The company said the EC decision was based on results from four randomised, controlled Phase 3 trials involving data from “more than 714 patients”.

NICE: "Concerns" around evidence

In August, NICE made an initial decision not to recommend Epidolyex for patients with LGS or Dravet syndrome, citing “concerns” about cost-effectiveness and about the accuracy of some of the evidence GW had provided.

The UK health watchdog also said that while there was evidence cannabidiol reduced seizures, the trial evidence was only for 14 weeks’ treatment, “so the longer-term effectiveness of cannabidiol is uncertain”.

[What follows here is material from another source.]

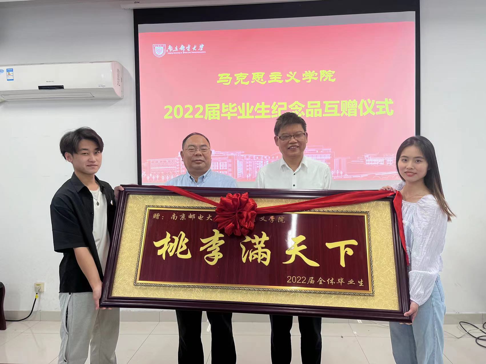 毕业生代表向学院敬赠了题为“桃李满天下”的牌匾,感谢三年来学院的辛勤培养和老师们的辛勤教导。祝愿马克思主义学院桃李满天下,春晖遍四野。
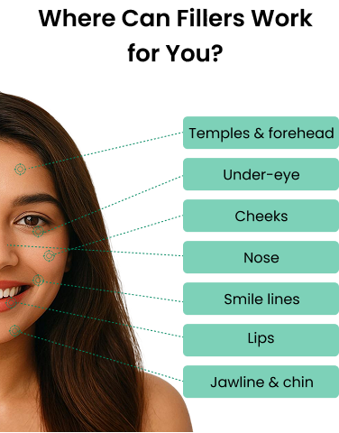 Fillers are suitable for adults 21+ depending on concern — from enhancement to anti-aging.

NICE called on the manufacturer to “provide more information” and amend its economic model, which it described as “unreliable”.

Final NICE guidance is expected later this year. GW chief operating officer Chris Tovey said the company was in talks with NICE about making the drug available on the NHS, adding that he was “hoping for a relatively rapid decision”.

Ley Sander, medical director at the Epilepsy Society said: “This new drug will bring hope for some families and EU approval feels like a positive step. Medicinal cannabis, however, still remains a medical minefield and there are many hurdles ahead.

CBD was not recommended by NICE for prescription on the NHS. It is important that the pharmaceutical industry continues to work with the medical advisory body to ensure that drugs are cost effective and that its long-term effects are clear.”